As a fan of both players, I would rather have Kidd right now. I have always felt that Marbury was the better scorer, while Kidd was the better PG. I still feel that way.


----------



## Priest (Jun 24, 2003)

just cause marbury is doing well right now doesnt mean he is better...kidd is established


----------



## macro6 (Jul 23, 2002)

> Originally posted by <b>Fordy74</b>!
> Everyone says Kidd is the best PG in the NBA and Marbury is a notch behind Kidd. However, I would rather have Marbury over Kidd for sure. This is a new,improved, and different Marbury. He is ready to reach max potential here in NY. This is a dream come true for Marbury and Knicks fans, its just perfect. I am telling you, pretty soon everyone will be saying Marbury is the best PG. I see it beggining to happen right now and im loving it.


man, dun let the success go to your head. Kidd is the BEST pg in the league. Hes a first-team allstar, a triple-threat, a true leader, went to the finals TWICE!

Marbury is good. Kidd is better.


----------



## Charlie Brown (Oct 22, 2002)

I am really pulling for a Nets/Knicks playoff series. Kidd v Marbury, on that stage, would be epic.

Although it would suck for the Nets to have potentially play seven road games. :no:


----------



## Minstrel (Dec 31, 2002)

> Originally posted by <b>Priest</b>!
> just cause marbury is doing well right now doesnt mean he is better...kidd is established


Marbury has been awesome for several years. He's quite established.

As to the original question, I think it depends upon the sort of team you already have. If you have a team with several very good scorers, then Jason Kidd is the best way to go. He's a pure distributor who's happy to let others take the shots.

If you had a team that didn't have very many good scorers on it, then I would definitely select Stephon Marbury. He has the scoring talent to be the focal point of the offense and the play-making talent to get his teammates easier hoops when the defense collapses on him.

To me, it's like asking who's better: John Stockton or Isaiah Thomas? Both are great, who would be better for your team depends on your personnel.


----------



## Petey (Aug 23, 2002)

> Originally posted by <b>Fordy74</b>!
> Everyone says Kidd is the best PG in the NBA and Marbury is a notch behind Kidd. However, I would rather have Marbury over Kidd for sure. This is a new,improved, and different Marbury. He is ready to reach max potential here in NY. This is a dream come true for Marbury and Knicks fans, its just perfect. I am telling you, pretty soon everyone will be saying Marbury is the best PG. I see it beggining to happen right now and im loving it.


I'm a big fan of Marbury's. When he is not playing against the Nets so him getting traded to the Knicks is a bummer for me.

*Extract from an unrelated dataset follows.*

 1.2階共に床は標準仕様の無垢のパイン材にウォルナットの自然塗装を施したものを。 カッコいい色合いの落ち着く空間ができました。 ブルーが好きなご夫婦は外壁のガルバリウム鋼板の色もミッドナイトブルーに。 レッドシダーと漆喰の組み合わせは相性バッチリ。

I think he got a bum rap with the Nets as he didn't play with talent. KMart was a rook, Harris was our starting PG with him, Newman was 1st off the bench, KVH was hurt alot we didn't have Collins or anyone whom could resemble a center, Williams was more so exposed due to the lack of talent around him. But I hated how he tore the team apart with his attitude. When he was traded I was disappointed, but after watching Kidd I think it couldn't had worked out better for the Nets. But you're right his attitude has changed alot in the past years, and he and Kidd are up there and he has youth on his side too.

-Petey


----------



## kg_mvp03-04 (Jul 24, 2003)

well kidd has brought jersey to two straight NBA finals while marbury has not. i would rather have kidd because he seems like a better leader and he is te perfect fit for jersey.


----------



## rebelsun (Nov 25, 2003)

Kidd. I don't know if anyone else in the league makes his teammates better.


----------



## Ben1 (May 20, 2003)

You guys may disagree with me but IMO, Kidd is a little overrated when everyone starts to refer to him as the best PG in the league right now. Marbury is as good as him, if not better, at being a point guard, and is miles ahead when it comes to scoring himself. 

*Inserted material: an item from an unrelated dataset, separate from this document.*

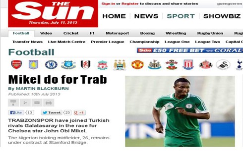 “Chelsea’nin yıldızı John Obi Mikel yarışında Trabzonspor da Galatasaray’a katıldı” ifadelerini kullanan gazete, Galatasaray’ın geçen ay Mikel için transfer girişiminde bulunduğunu, şimdi de Trabzonspor’un bir transfer hamlesi yapmaya hazırlandığını iddia etti. Ayrıca 7 yıldır Chelsea forması giyen 26 yaşındaki oyuncunun, Jose Mourinho geldikten sonra takımda geleceği hakkında endişeli olduğu da belirtildi.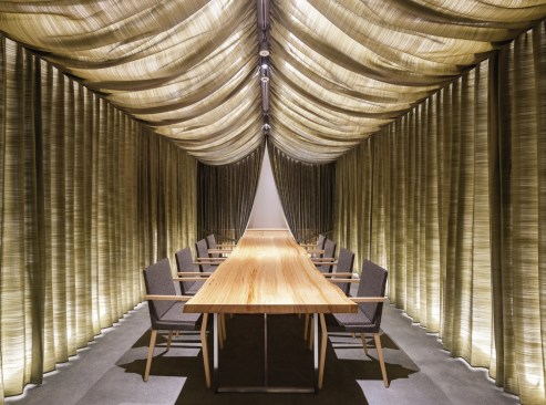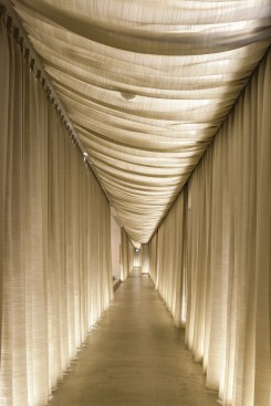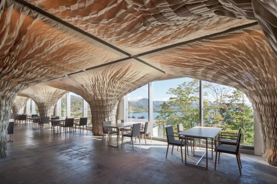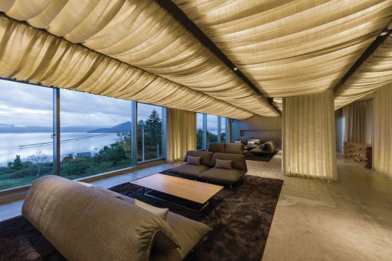 We also designed a cave-formed space with pleated cloths in the interior over which a magnificent view of the lake’s surface emerge right in front.

Btw, I'm not saying that Kidd sucks or whatever, it's jsut that I would rather have Marbury on my team than Kidd.


----------



## Greg Ostertag! (May 1, 2003)

> Originally posted by <b>PSUmtj112</b>!
> I am really pulling for a Nets/Knicks playoff series. Kidd v Marbury, on that stage, would be epic.


Oh yeah :yes:


----------



## Petey (Aug 23, 2002)

> Originally posted by <b>RebelSun</b>!
> Kidd. I don't know if anyone else in the league makes his teammates better.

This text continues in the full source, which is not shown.